_What you are asked to do_
In the records below, reproduce exactly the lines from the one containing "FULL SISTER TO" through the one containing "Harvard Researchers Identify", both included, and omit the pictures.

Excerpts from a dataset
[Start of section]

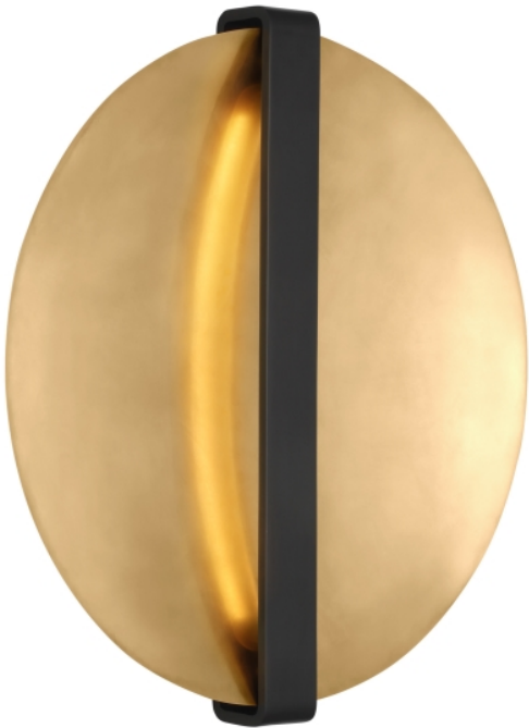
Dark Bronze/Natural Brass

Includes 11.4 watt, 236 delivered lumens, 2700K LED module. Dimmable with most LED compatible ELV, TRIAC and 0-10V dimmers. Can be mounted vertically or horizontally. 120V-277V.
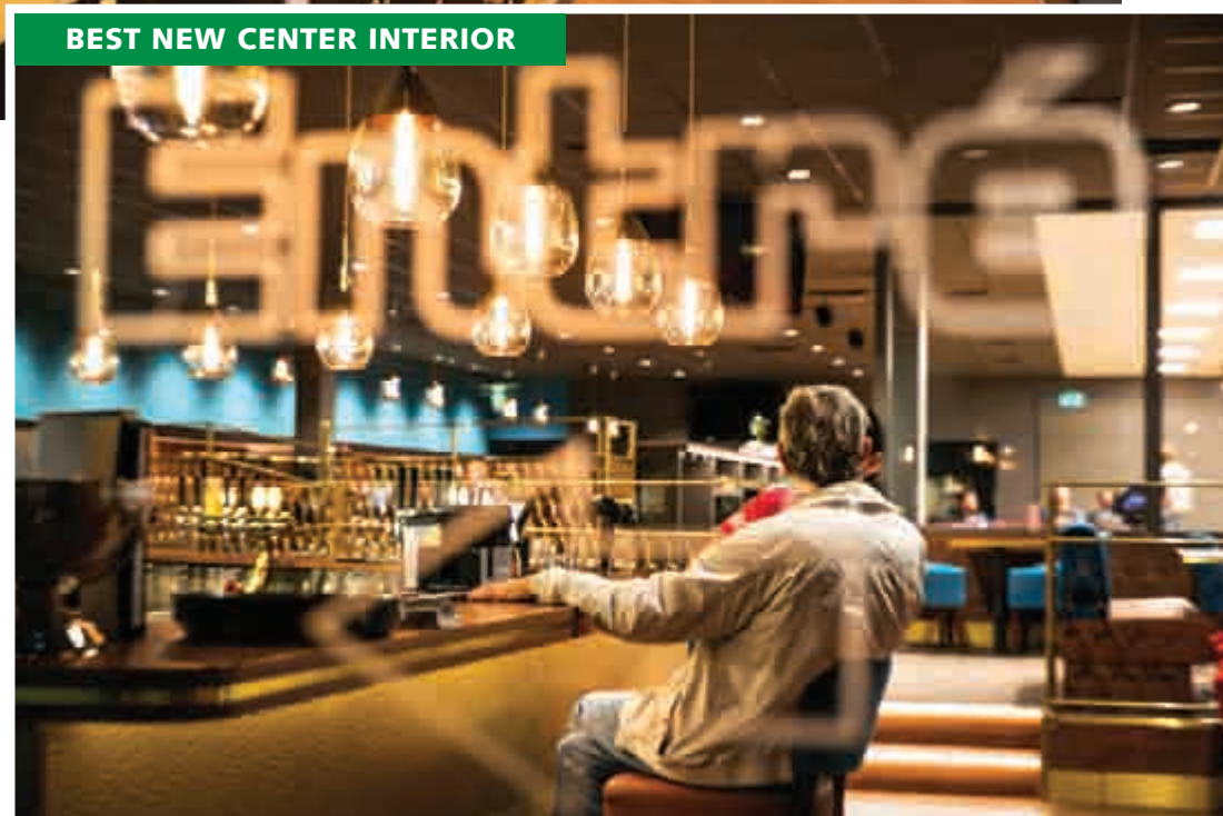
BEST NEW CENTER INTERIOR
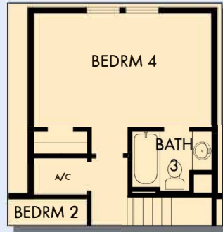
OPTIONAL BEDROOM 4 WITH BATH 3 AT RETREAT
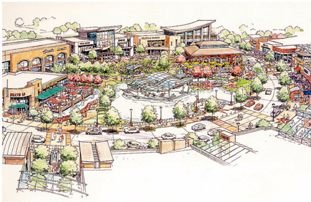
Above: Renders for the North Side.

developers retained ownership of the ground loop to operate them as a utility to provide heating and cooling to tenants in each building. The return on investment for this geothermal system was estimated to be less than eight years, with each of the tenants eventually and significantly benefitting from significantly lower utility costs (Government of Manitoba, 2012).
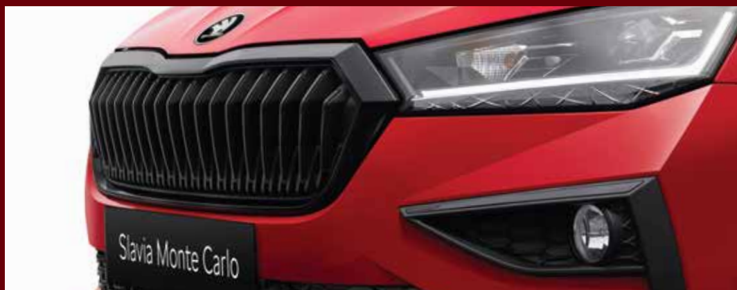
»» Black Škoda Signature Grill
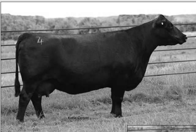
DONOR DAM ... CCC COMMANDO 7063

FULL SISTER TO MATING ... C 705J STELLAR SALLY 3147
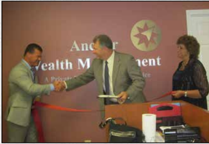
Ribbon Cutting for Anchor Wealth Management
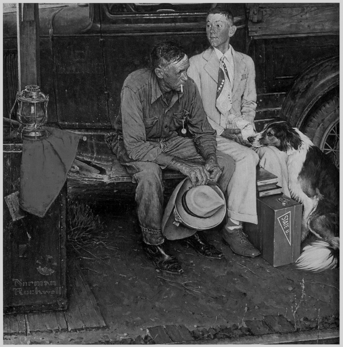
Norman ROCKWELL, Breaking Home Ties , September 25, 1954
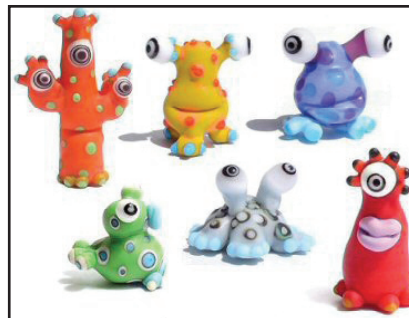
Harvard Researchers Identify Deadliest COOTIES Strains of 2007 (electron microscopy, magnification x 4 million)

The recent media attention on the COOTIES virus, the Complex Organic Olfactory Total Internal Ecccchhhh Syndrome (also know as COV-578), has sparked a flurry of medical research, much of it conducted here at Harvard. The work has resulted in a promising trial version of the COOTIES vaccine, COOVAX™ which consists of a base shot and 12 booster shots (which must be taken while sitting in a booster seat) administered bimonthly for 24 months, along with a complicated cocktail involving 2 circles and 2 dots. The cost is only $129.95 per shot, "a bargain when your life is on the line", according to HUHS spokesperson Maureen Astra-Zeneca. Following a recent internal Harvard report, the school plans to conduct phase III vaccine clinical trials for COOVAX™ locally. Bloom noted, "We first considered advertising on the T like we usually do for these things, but after thinking it over in our weekly closed door session, I just said fuck it, let's start at Cabot house!"
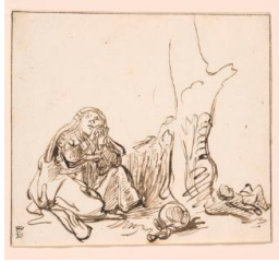
Title: Hagar and Ishmael, copy after Rembrandt's Hagar and Ishmael in the Wilderness Date: 1630s Primary Maker: Rembrandt van Rijn Medium: pen and brown ink over graphite
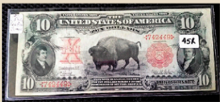
Rare 1901 $10 Buffalo Legal Tender Note plus others Lot 45R
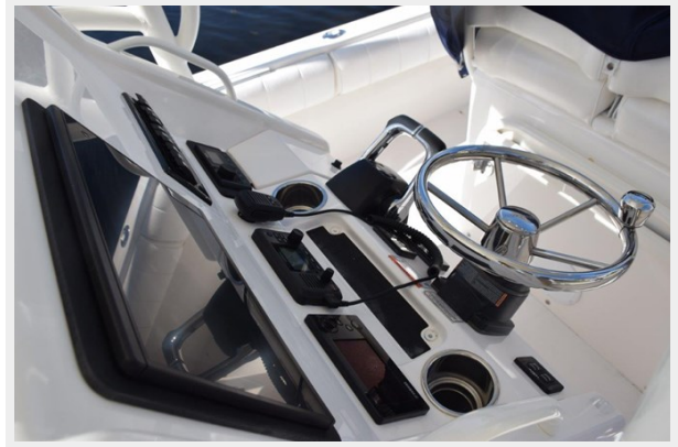
013 - Tiltable helm wheel with speed knob
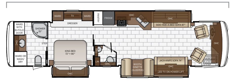
Length: 40' 10"
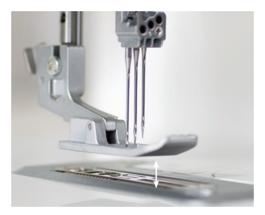
Adjustable Presser Foot Height up to 6mm

Knee Lift Raise the presser foot by simply moving the attachable lever with your knee. This leaves both of your hands free for extra control.
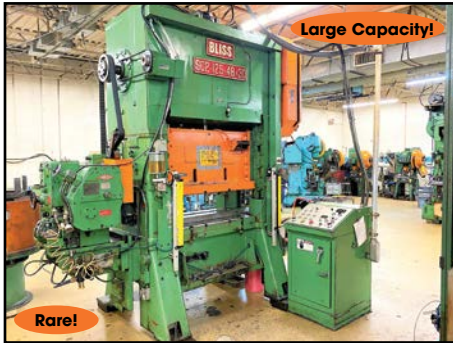
BLISS #SC2-125-48x30 S.S.D.C. STAMPING PRESS
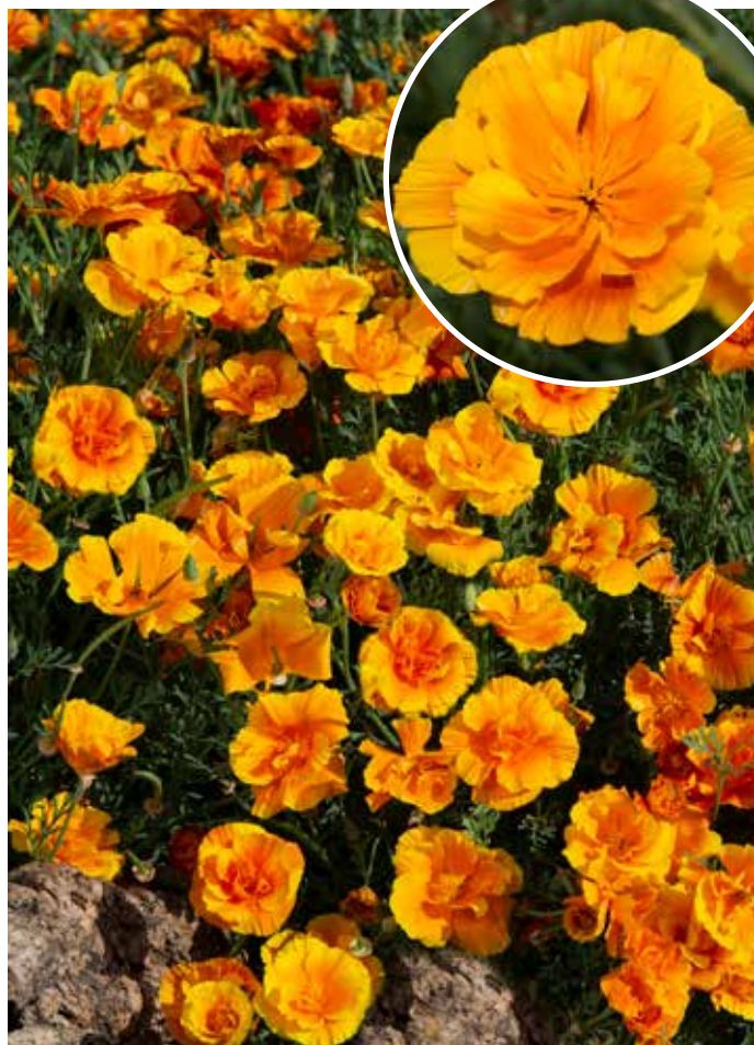
ES4800 ESCHSCHOLZIA californica 'Lady Marmalade' (SAHIN 2021) tall variety with semi-double flowers, resembling a rose, golden yellow with orange centers
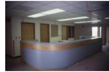
Utica Psychiatric Hospital (NYS A_B1560-97_B08_H)
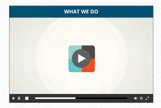
Watch our 90 second video

[End of section]

_Your solution_
FULL SISTER TO MATING ... C 705J STELLAR SALLY 3147
Ribbon Cutting for Anchor Wealth Management
Norman ROCKWELL, Breaking Home Ties , September 25, 1954
Harvard Researchers Identify Deadliest COOTIES Strains of 2007 (electron microscopy, magnification x 4 million)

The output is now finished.